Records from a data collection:
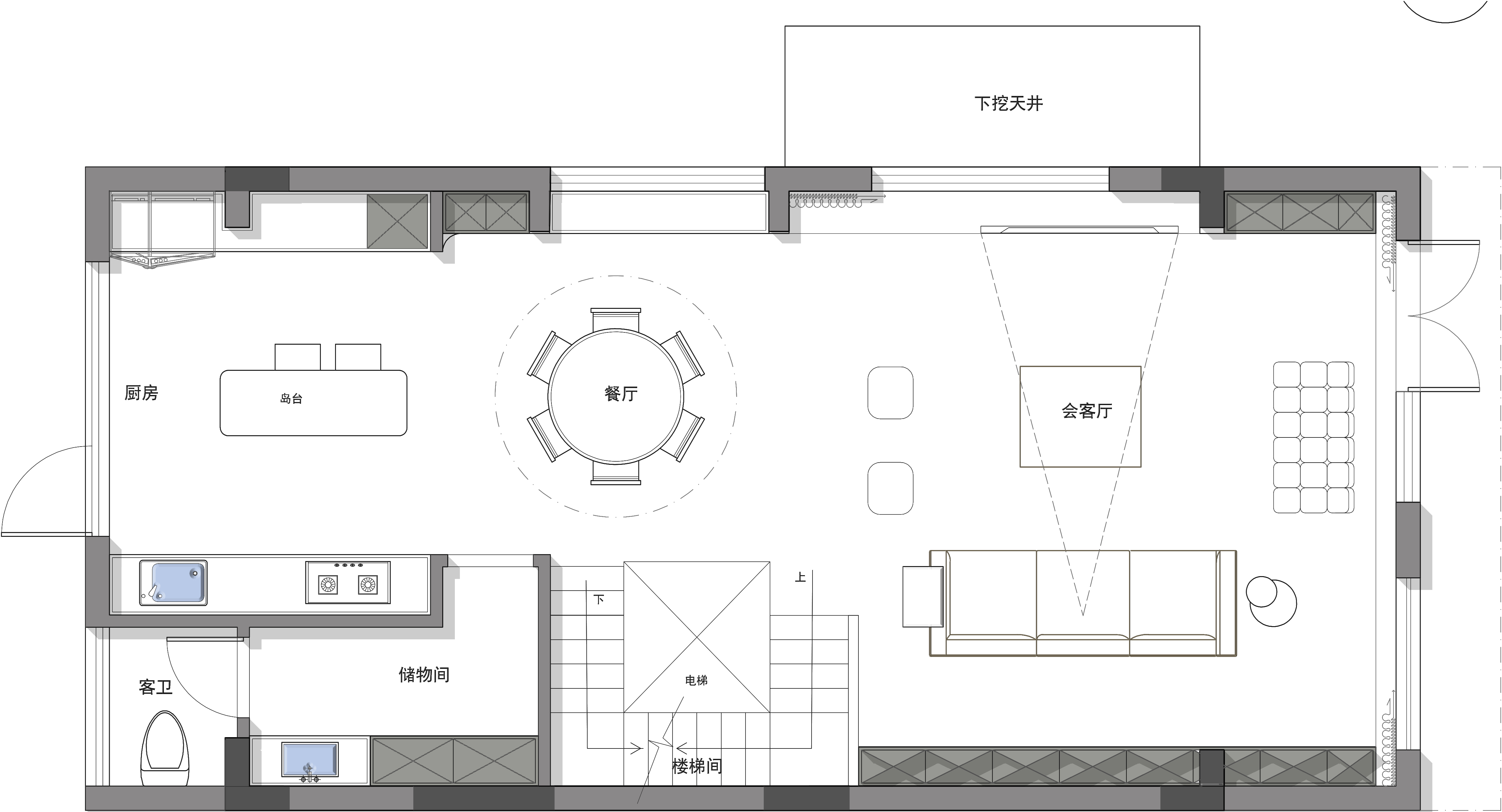 地下室也是基礎(chǔ)的休閑待客區(qū),一樓的廚房比較有特色,進門之后穿過客廳,就是開放式廚房加長有一個長島臺,客餐廳連在一起一樓很通透開闊!廚房那邊開了一個后門方便去后院!
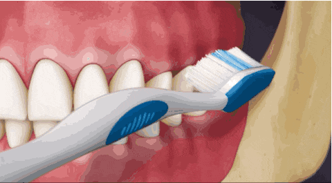 要将牙刷斜 45 度朝向牙龈,放在牙齿和牙龈交界处。
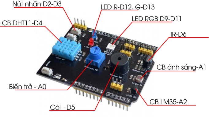 Các thành phần trên Shield Arduino Cơ Bản 9 in 1
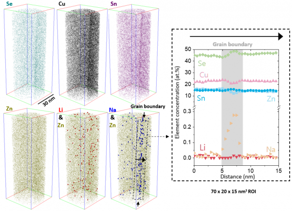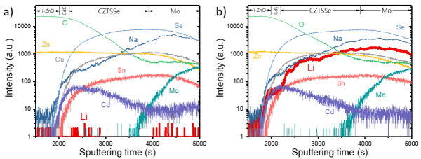 a) CZTSSe和b)锂掺杂的CZTSSe太阳能电池的元素分布
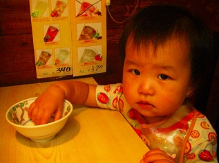 娘が結構食べるので大盛(¥100増し)でラーメンと広東麺を頼んでみました。坦々麺が売りらしいのですが・・・芝麻醤の色が見えないのでちょっと躊躇・・・。結局、夫はまずスタンダードで勝負!私は野菜たっぷりがいいので前回と同じく広東麺を☆
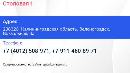 Столовая №1 по адресу 238326, Калининградская область, Зеленоградск, Вокзальная, 3а в дальнейшем Организация, размещена в следующих категориях:
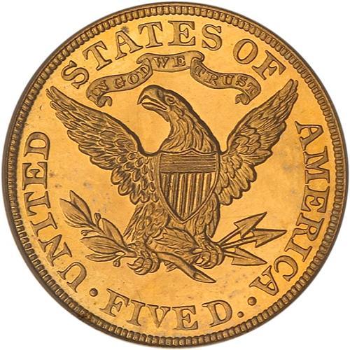 From a proof mintage of 136 coins for this date. A fully struck superb gem proof. Lemon gold with great eye appeal. Possibly undergraded by at least a point and in an older green PCGS holder. Estimated at $25,000 to $35,000.

• What is expected: What is needed is an exact copy of all the data, with no images in it.

• Response:
 地下室也是基礎(chǔ)的休閑待客區(qū),一樓的廚房比較有特色,進門之后穿過客廳,就是開放式廚房加長有一個長島臺,客餐廳連在一起一樓很通透開闊!廚房那邊開了一個后門方便去后院!
 要将牙刷斜 45 度朝向牙龈,放在牙齿和牙龈交界处。
 Các thành phần trên Shield Arduino Cơ Bản 9 in 1
 a) CZTSSe和b)锂掺杂的CZTSSe太阳能电池的元素分布
 娘が結構食べるので大盛(¥100増し)でラーメンと広東麺を頼んでみました。坦々麺が売りらしいのですが・・・芝麻醤の色が見えないのでちょっと躊躇・・・。結局、夫はまずスタンダードで勝負!私は野菜たっぷりがいいので前回と同じく広東麺を☆
 Столовая №1 по адресу 238326, Калининградская область, Зеленоградск, Вокзальная, 3а в дальнейшем Организация, размещена в следующих категориях:
 From a proof mintage of 136 coins for this date. A fully struck superb gem proof. Lemon gold with great eye appeal. Possibly undergraded by at least a point and in an older green PCGS holder. Estimated at $25,000 to $35,000.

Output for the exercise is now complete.